*TASK:* Exactly the lines below starting at the line with "长款短袖上衣搭配破洞牛仔裤,将上衣衣摆插" and ending at the line with "Камышинский мусорный полигон." are wanted, with both ends included. Leave out the pictures and add no other lines.

[Items listed in a dataset]
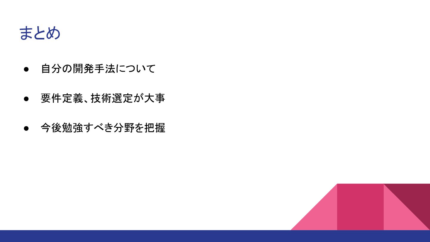 まとめ • 自分の開発手法について • 要件定義、技術選定が大事 • 今後勉強すべき分野を把握
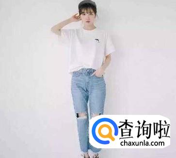 长款短袖上衣搭配破洞牛仔裤,将上衣衣摆插进牛仔裤里,给人一种不羁的感觉,酷酷的,适合高冷的女性。
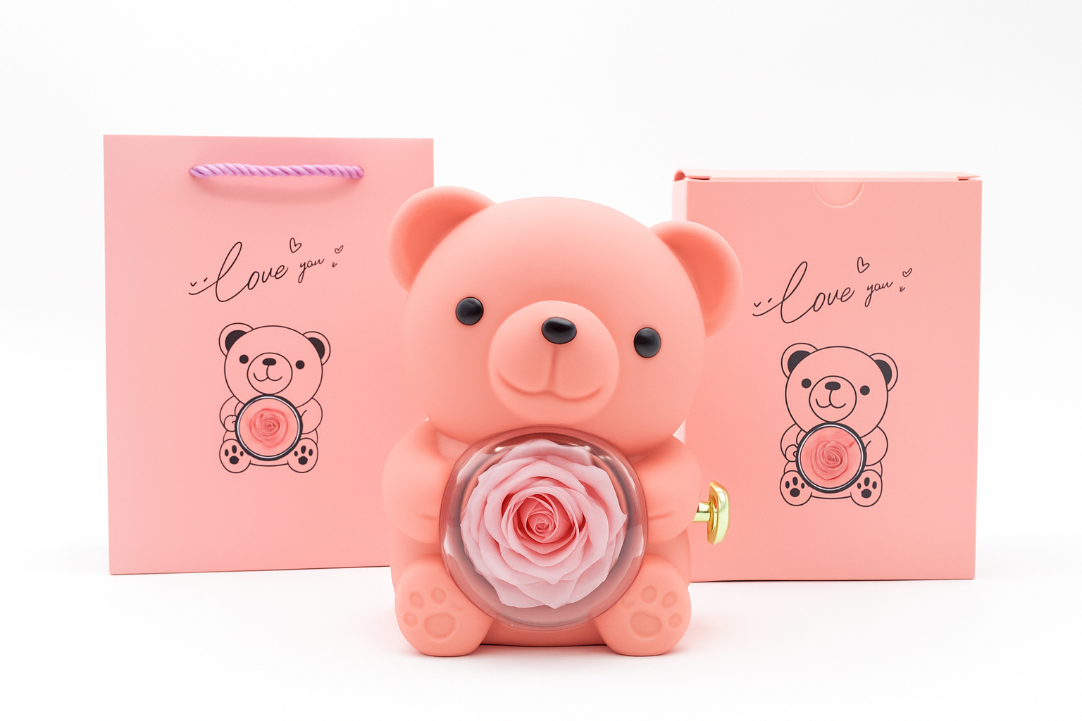 Solo abre la tapa y activa el mecanismo para que el oso gire suavemente mostrando la rosa. La flor eterna está diseñada para mantenerse intacta durante años, sin necesidad de agua o cuidados. Es un regalo listo para entregar, que combina ternura y romanticismo en un solo detalle.
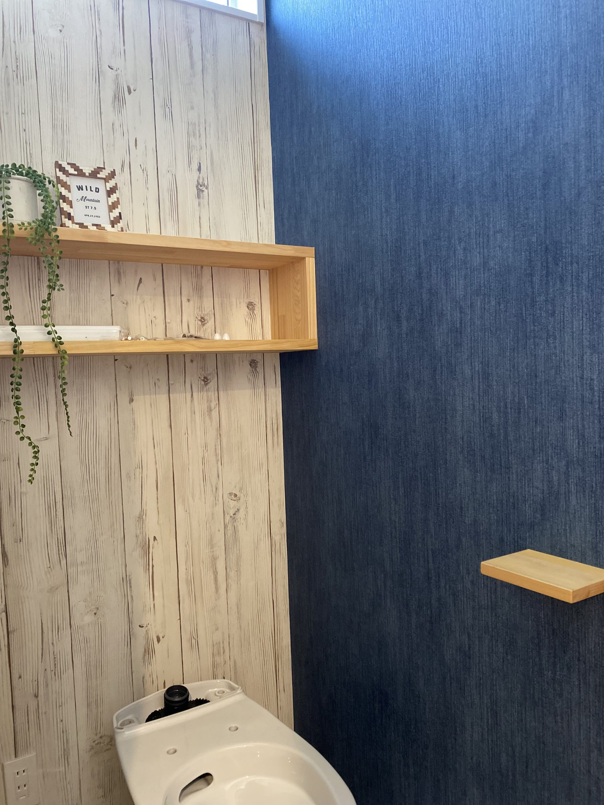 洗面所。ブルーのタイル×木目のクロスでアメリカンな雰囲気に。
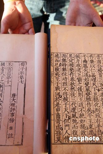 北京地坛秋季书市十一月上旬正在火爆进行中,今年亮点之一的旧书淘宝一条街,成为许多酷爱古旧图书的“书虫”光顾最多的去处。图为价值十余万的明嘉靖世德堂刻印——《荀子二十卷》亮相北京秋季书市。中新社发 任海霞 摄
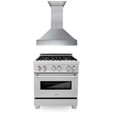 ZLINE 30 in. Kitchen Package with Satin Stainless Steel Dual Fuel Range and Convertible Vent Range Hood (2KP-RASSNRH30)
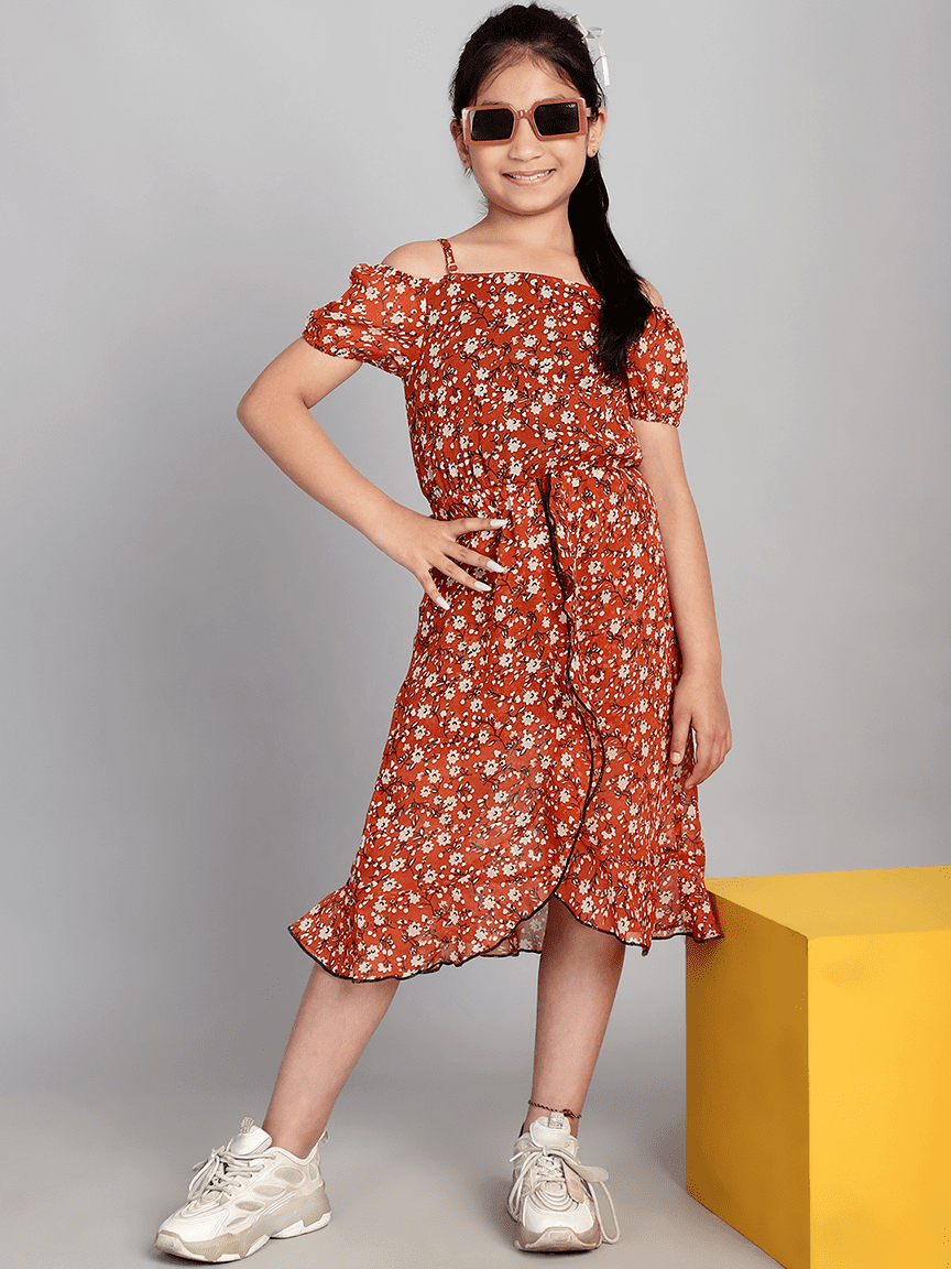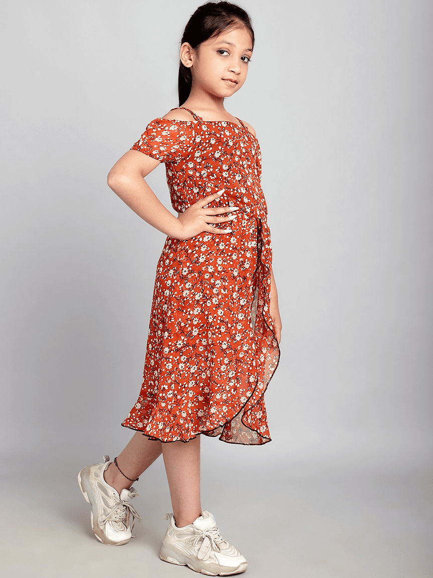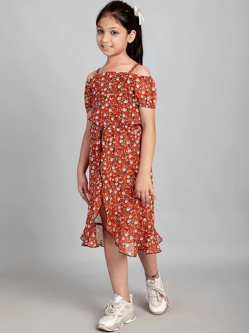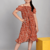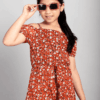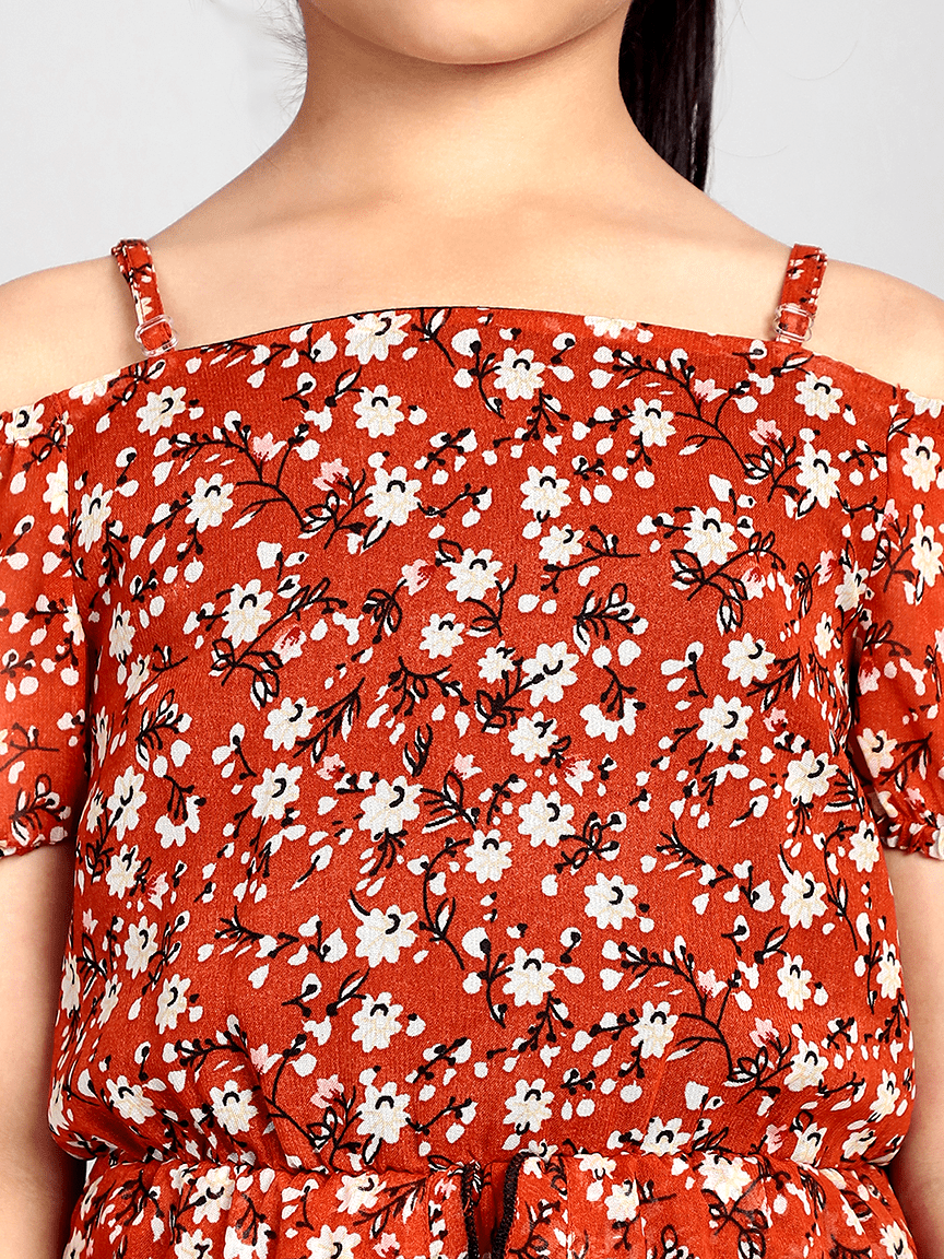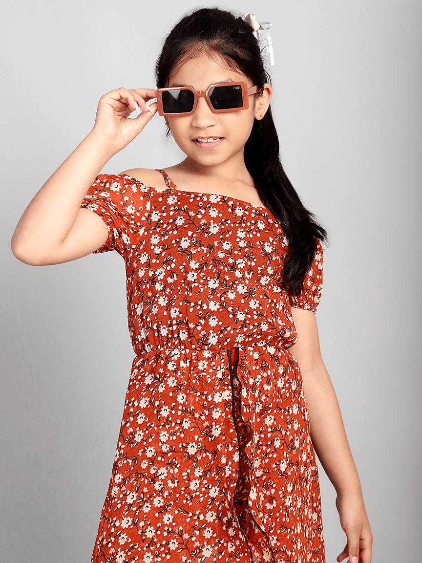 Baawri Girl Rust Printed Georgette Knee Length Jumpsuite
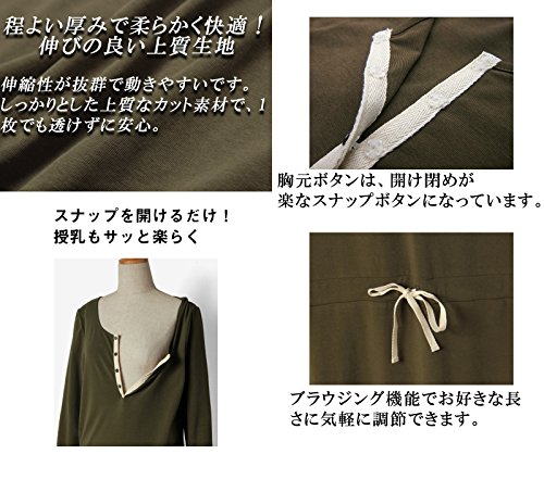 - 【授乳機能付き】胸元ボタンはスナップになっているから、開閉も楽らく!サッとスナップを開けて、スマートに授乳ができます。
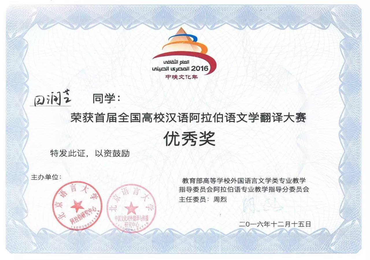 2016年12月9-10日,由中国阿拉伯文学研究会、北京大学外国语学院阿拉伯语系、北京大学东方文学研究中心和北京大学中东研究中心联合主办的中国阿拉伯文学研究会2016年会,暨第四届全国阿拉伯语专业研究生论坛在北京大学进行。我院教师代表王艳,学生代表韩小锋、丁佳茹受邀参加了此次会议。
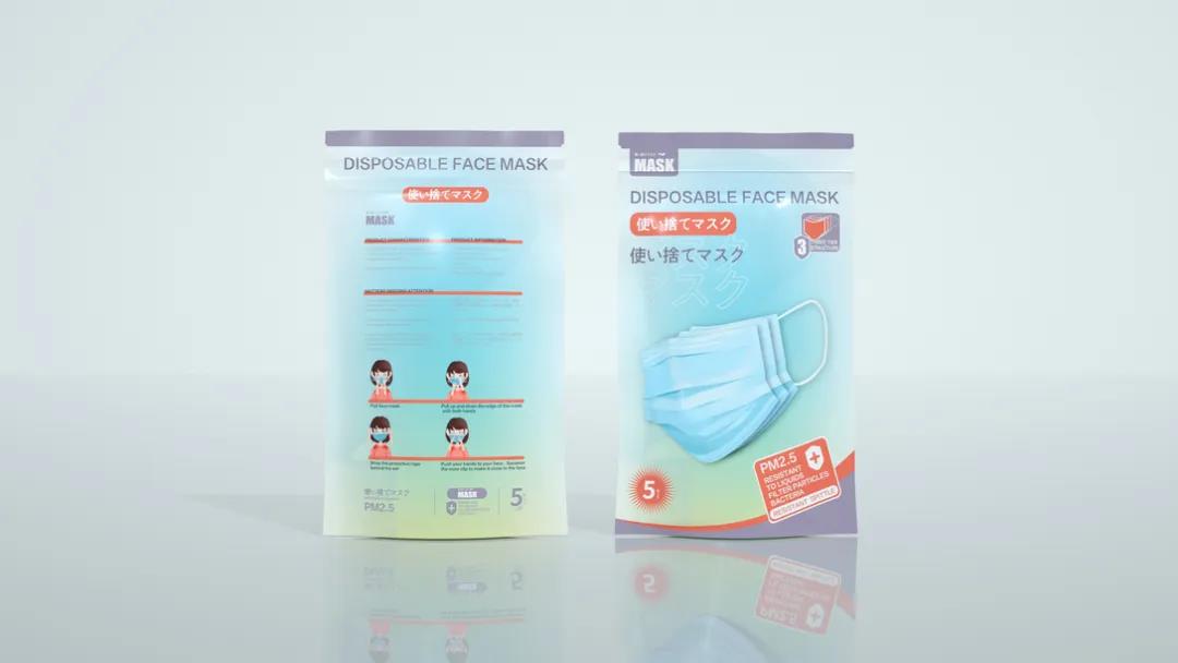 這款包裝較為清新簡約,同樣使用漸變層次的設計豐富了包裝內容,口罩的立體設計突出明了封面的文字,標記采用不同顏色重點分明,消費者可一目了然,滿足需求。
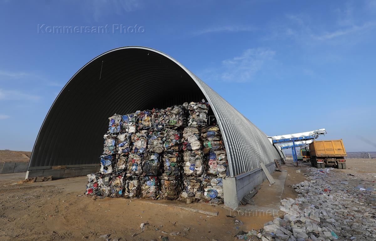 Камышинский мусорный полигон. Упакованный мусор из пластика.
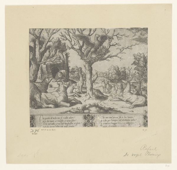 Editor: So, this is "Grimbert Gives Reinaert a Beating and Reinaert Attacks a Rooster," a watercolor drawing from around 1866 to 1939, by Bernard Willem Wierink, currently held at the Rijksmuseum. I am really struck by the narrative elements within the frame and how the artist chose to depict a well known storyline through vignettes. What's your take on it? Curator: It's interesting to see this rendered in watercolor. We are drawn to a historical moment within popular imagination. Narrative art like this thrived during a period of rising literacy and accessible print media. Think about the cultural function of these accessible images - What purpose do you think these images served for the rising middle class? Editor: Well, visually telling stories certainly makes them more accessible. Almost like early graphic novels! Curator: Exactly. And this one borrows from folk traditions, reminding viewers of shared cultural narratives. Note how Wierink frames each episode, making them self-contained and almost precious. That careful framing suggests the high value placed on folklore at the time, an idealized version of cultural identity and maybe even political ideology. The placement in a museum solidifies its value and accessibility in the public sphere. Editor: I didn’t consider the political aspects. The way the museum frames it really does influence my perspective. Curator: How so? Editor: It becomes a part of our cultural heritage, something officially sanctioned and worthy of preservation and display, a national treasure of sorts. Curator: Precisely. And those choices say a lot about the prevailing ideologies. Now I'm curious about how the narrative functions through this medium. Editor: Right, looking at this drawing I would've considered it only as the artwork itself, and not so much within the broader historical, cultural, and social contexts in which art is consumed and displayed. Thanks for helping me dig a bit deeper!

*REPLY TO THE EXERCISE:*
 长款短袖上衣搭配破洞牛仔裤,将上衣衣摆插进牛仔裤里,给人一种不羁的感觉,酷酷的,适合高冷的女性。
 Solo abre la tapa y activa el mecanismo para que el oso gire suavemente mostrando la rosa. La flor eterna está diseñada para mantenerse intacta durante años, sin necesidad de agua o cuidados. Es un regalo listo para entregar, que combina ternura y romanticismo en un solo detalle.
 洗面所。ブルーのタイル×木目のクロスでアメリカンな雰囲気に。
 北京地坛秋季书市十一月上旬正在火爆进行中,今年亮点之一的旧书淘宝一条街,成为许多酷爱古旧图书的“书虫”光顾最多的去处。图为价值十余万的明嘉靖世德堂刻印——《荀子二十卷》亮相北京秋季书市。中新社发 任海霞 摄
 ZLINE 30 in. Kitchen Package with Satin Stainless Steel Dual Fuel Range and Convertible Vent Range Hood (2KP-RASSNRH30)
 Baawri Girl Rust Printed Georgette Knee Length Jumpsuite
 - 【授乳機能付き】胸元ボタンはスナップになっているから、開閉も楽らく!サッとスナップを開けて、スマートに授乳ができます。
 2016年12月9-10日,由中国阿拉伯文学研究会、北京大学外国语学院阿拉伯语系、北京大学东方文学研究中心和北京大学中东研究中心联合主办的中国阿拉伯文学研究会2016年会,暨第四届全国阿拉伯语专业研究生论坛在北京大学进行。我院教师代表王艳,学生代表韩小锋、丁佳茹受邀参加了此次会议。
 這款包裝較為清新簡約,同樣使用漸變層次的設計豐富了包裝內容,口罩的立體設計突出明了封面的文字,標記采用不同顏色重點分明,消費者可一目了然,滿足需求。
 Камышинский мусорный полигон. Упакованный мусор из пластика.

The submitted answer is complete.